RECORDS FOR THE EXERCISE:
--- START ---

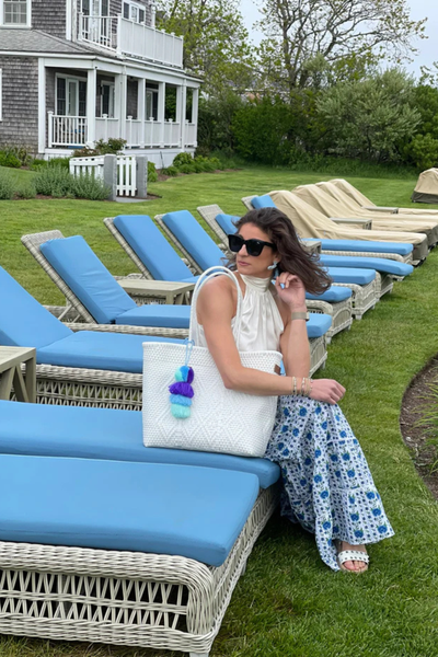 Blue Starfish Beaded Fringe Tote
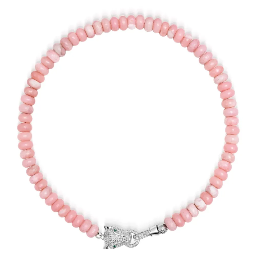 8mm Pink Opal Beads Lock and Pendants in Stainless Steel Clear and Green Cubic Zirconia Length: 14 Inches Product Code: WNECK_321 Designer’s Notes Hand-strung in our LA studio, this choker features smooth 8mm pink opal beads for a soft, radiant glow. At its center sits a bold CZ adorned panther head, designed to be worn in front—an unexpected detail that makes this piece stand out whether worn solo or layered. The panther symbolizes strength, protection, and quiet power. Across cultures—from ancient legends to modern meaning—it represents courage, confidence, and fierce independence. Please note that all our pieces are crafted by hand and one-of-a-kind, and may therefore vary slightly in size, shape, and color.
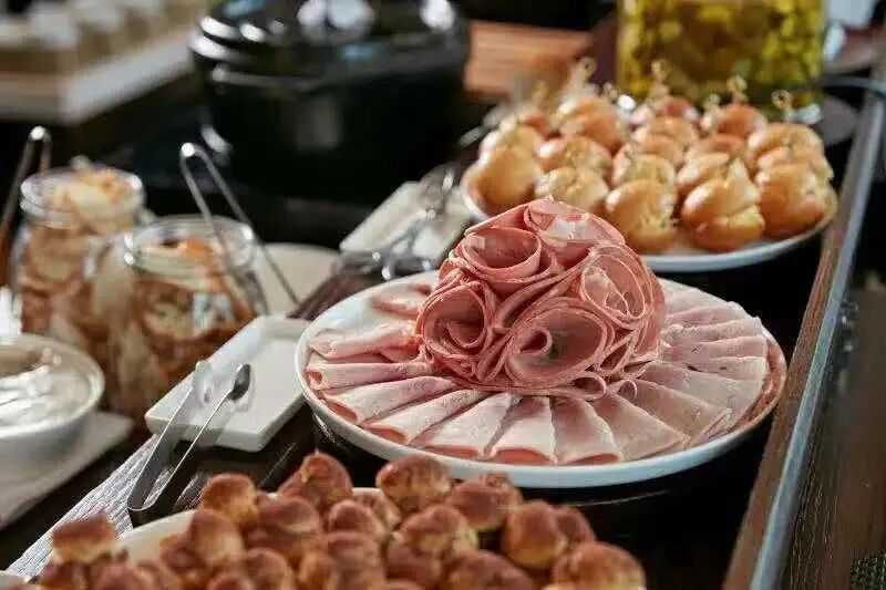 畅享式的早午餐,包括丰盛的自助前菜、海鲜、冷肉火腿、主菜、纯正手工意面、现制披萨以及令人挑到眼花撩乱的甜点,超级满足!
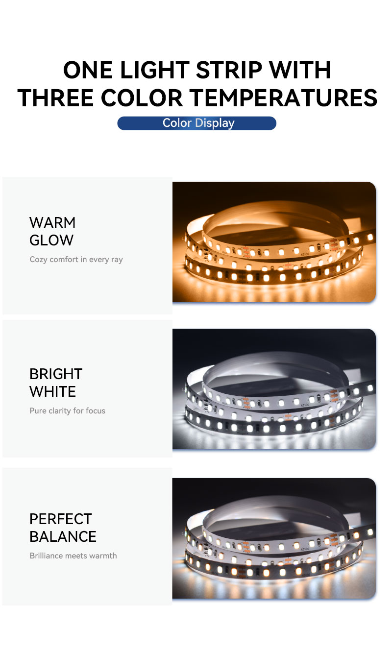 Este diseño de temperatura de color dual, alto brillo, alta densidad y anti-perlas muertas tira de luz LED Es una solución de iluminación potente, flexible y fiable. No solo proporciona suficiente luz, sino que también ajusta el color de la luz según las necesidades y su excelente durabilidad la convierte en la opción ideal para el diseño de iluminación moderno.
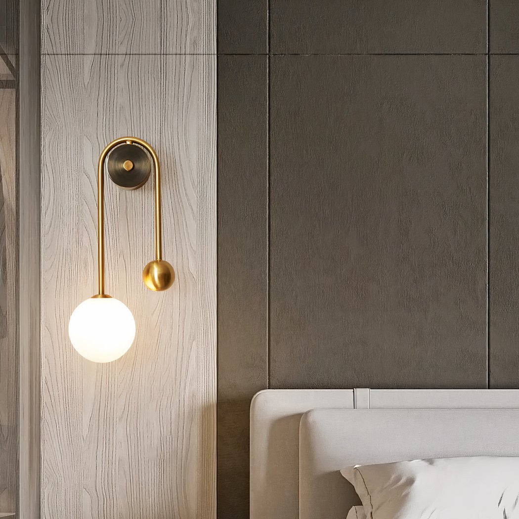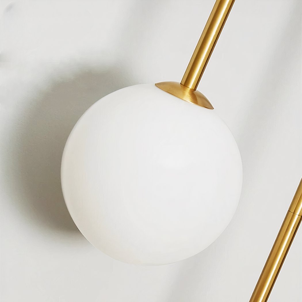 El aplique dorado con bola LED es una forma elegante y moderna de iluminar su hogar. Una de las bolas está iluminada por un LED, mientras que la otra está chapada en oro para mayor elegancia. Las bolas están sujetas por un tallo dorado para un acabado refinado.
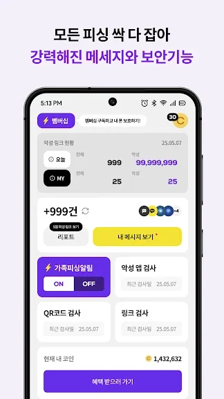 1️⃣ 피싱 메세지 싹 다 잡아주는 메세지 기능📩
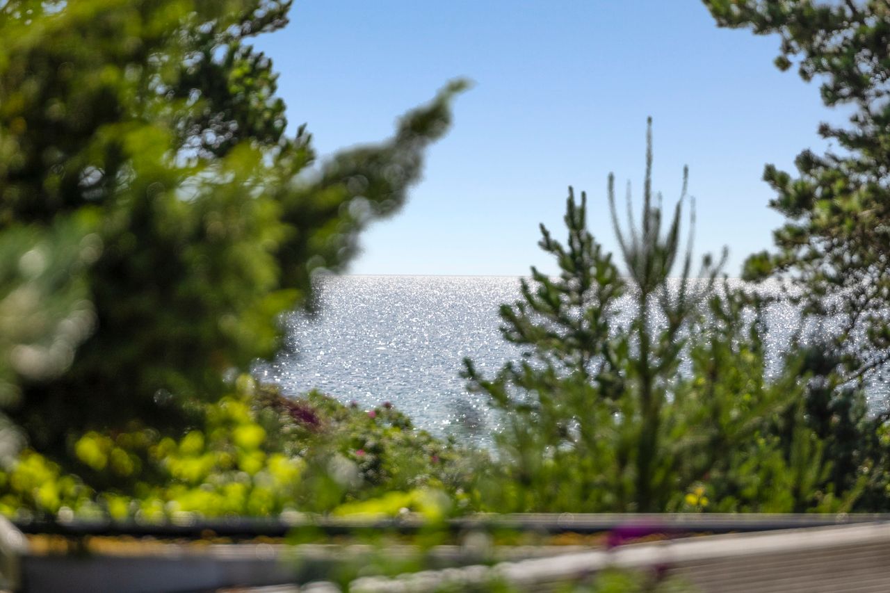 Gammel Køgevejskvarteret har sine rødder i begyndelsen af 1900-tallet, hvor bølgerne, lyngen og den åbne kystlinje tiltrak sommergæster fra København og Roskilde. Det, der engang var små, enkle sommerhuse, har udviklet sig til et eftertragtet kvarter – stadig med stranden og havet som omdrejningspunkt. Her lever historien videre i de kuperede naturgrunde, i randbeplantningen og i lyset, der falder blødt gennem gamle træer. Grunden her er ingen undtagelse. Den er smukt indrammet af lavendelbede, store træer og oprindelig beplantning, som giver følelsen af en privat strandplantage – ugenert og fuld af atmosfære. Den østvendte terrasse fanger solopgangen og udsigten til lyngen, mens eftermiddagene leves under den sydvestvendte overdækning med havgus i luften og lyden af bølgeskvulp i baggrunden. Barfodet gennem græsset og videre ned mod vandet – her bygger man sandslotte med de små, padler ud i morgensolen og tager en dukkert, når dagen går på hæld.
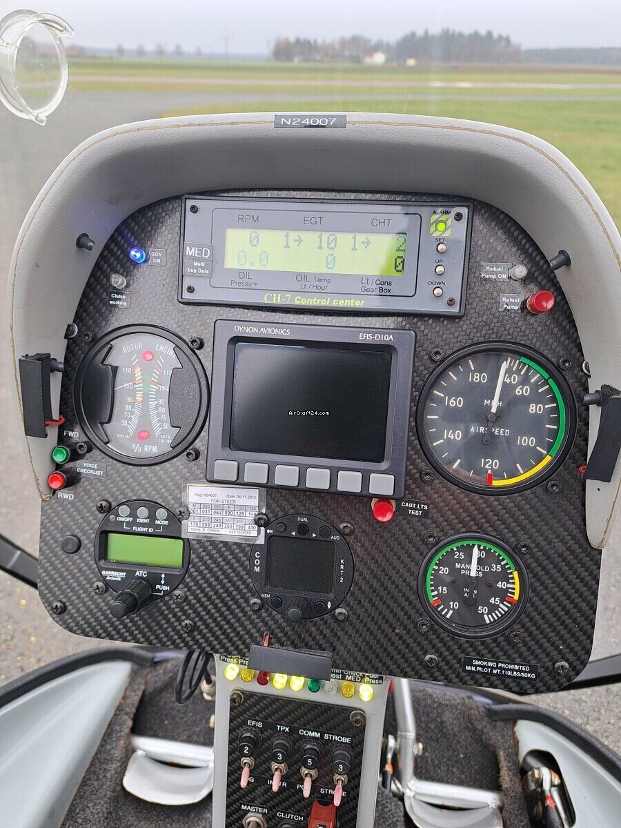 | Description | | Type: | Hélicoptère (Piston) | | Type spécial: | Fait maison/Experimental | | Marque: | CH-7 | | Modèle: | Kompress Charlie | | Millésime: | 2009 | | Immatriculation: | N24007 | | Numéro de série: | 148 | | Attributs: | Toujours sous hangar | | Visite annuelle: | 10/2024 | | Emplacement: | Allemagne, EDQP | | Heures totales cellule (TTAF): | 522 h | | Prix: | € 35'000 (~ CHF 32'666) | | Nombre de passagers: | 1 | | Atterrissages: | 550 |
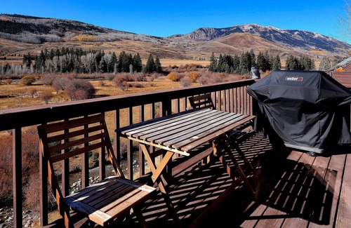 serene, spacious townhouse with incredible views in cb south 3 bed/2 bath, the home is a fantastic base for experiencing all of the beauty of Crested Butte with friends or family. Relax on the deck and spot deer and other wildlife while enjoying sweeping views of the mountains and river by day and the stars at night.
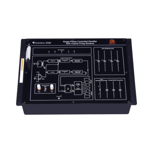 Scientech 2709 is a platform which helps Students to understand the various concept of Cosine wave firing scheme for single phase controlled rectifiers. 2709 is also useful for Students to perform controlled rectifiers on various configurations like half wave, full wave, bridge, symmetrical & symmetrical configurations. This platform is provided with built in AC & DC power supplies, sockets for making different interconnections in the circuit and exhaustive learning material.
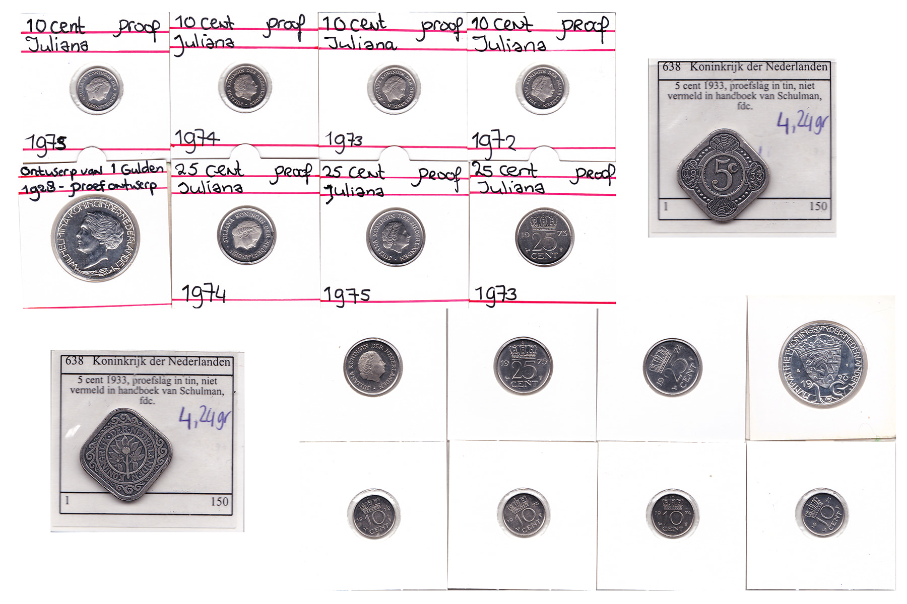 Lot (9) proofmunten van Juliana 10 en 25 cents 1972-1975. Proefontwerp Wilhelmina 1928.Toegevoegd: 5 Cents 1933 tin?

--- END ---

YOUR ASSIGNMENT:
An exact copy of every record above is required, with all pictures omitted.

ANSWER BOX:
 Blue Starfish Beaded Fringe Tote
 8mm Pink Opal Beads Lock and Pendants in Stainless Steel Clear and Green Cubic Zirconia Length: 14 Inches Product Code: WNECK_321 Designer’s Notes Hand-strung in our LA studio, this choker features smooth 8mm pink opal beads for a soft, radiant glow. At its center sits a bold CZ adorned panther head, designed to be worn in front—an unexpected detail that makes this piece stand out whether worn solo or layered. The panther symbolizes strength, protection, and quiet power. Across cultures—from ancient legends to modern meaning—it represents courage, confidence, and fierce independence. Please note that all our pieces are crafted by hand and one-of-a-kind, and may therefore vary slightly in size, shape, and color.
 畅享式的早午餐,包括丰盛的自助前菜、海鲜、冷肉火腿、主菜、纯正手工意面、现制披萨以及令人挑到眼花撩乱的甜点,超级满足!
 Este diseño de temperatura de color dual, alto brillo, alta densidad y anti-perlas muertas tira de luz LED Es una solución de iluminación potente, flexible y fiable. No solo proporciona suficiente luz, sino que también ajusta el color de la luz según las necesidades y su excelente durabilidad la convierte en la opción ideal para el diseño de iluminación moderno.
 El aplique dorado con bola LED es una forma elegante y moderna de iluminar su hogar. Una de las bolas está iluminada por un LED, mientras que la otra está chapada en oro para mayor elegancia. Las bolas están sujetas por un tallo dorado para un acabado refinado.
 1️⃣ 피싱 메세지 싹 다 잡아주는 메세지 기능📩
 Gammel Køgevejskvarteret har sine rødder i begyndelsen af 1900-tallet, hvor bølgerne, lyngen og den åbne kystlinje tiltrak sommergæster fra København og Roskilde. Det, der engang var små, enkle sommerhuse, har udviklet sig til et eftertragtet kvarter – stadig med stranden og havet som omdrejningspunkt. Her lever historien videre i de kuperede naturgrunde, i randbeplantningen og i lyset, der falder blødt gennem gamle træer. Grunden her er ingen undtagelse. Den er smukt indrammet af lavendelbede, store træer og oprindelig beplantning, som giver følelsen af en privat strandplantage – ugenert og fuld af atmosfære. Den østvendte terrasse fanger solopgangen og udsigten til lyngen, mens eftermiddagene leves under den sydvestvendte overdækning med havgus i luften og lyden af bølgeskvulp i baggrunden. Barfodet gennem græsset og videre ned mod vandet – her bygger man sandslotte med de små, padler ud i morgensolen og tager en dukkert, når dagen går på hæld.
 | Description | | Type: | Hélicoptère (Piston) | | Type spécial: | Fait maison/Experimental | | Marque: | CH-7 | | Modèle: | Kompress Charlie | | Millésime: | 2009 | | Immatriculation: | N24007 | | Numéro de série: | 148 | | Attributs: | Toujours sous hangar | | Visite annuelle: | 10/2024 | | Emplacement: | Allemagne, EDQP | | Heures totales cellule (TTAF): | 522 h | | Prix: | € 35'000 (~ CHF 32'666) | | Nombre de passagers: | 1 | | Atterrissages: | 550 |
 serene, spacious townhouse with incredible views in cb south 3 bed/2 bath, the home is a fantastic base for experiencing all of the beauty of Crested Butte with friends or family. Relax on the deck and spot deer and other wildlife while enjoying sweeping views of the mountains and river by day and the stars at night.
 Scientech 2709 is a platform which helps Students to understand the various concept of Cosine wave firing scheme for single phase controlled rectifiers. 2709 is also useful for Students to perform controlled rectifiers on various configurations like half wave, full wave, bridge, symmetrical & symmetrical configurations. This platform is provided with built in AC & DC power supplies, sockets for making different interconnections in the circuit and exhaustive learning material.
 Lot (9) proofmunten van Juliana 10 en 25 cents 1972-1975. Proefontwerp Wilhelmina 1928.Toegevoegd: 5 Cents 1933 tin?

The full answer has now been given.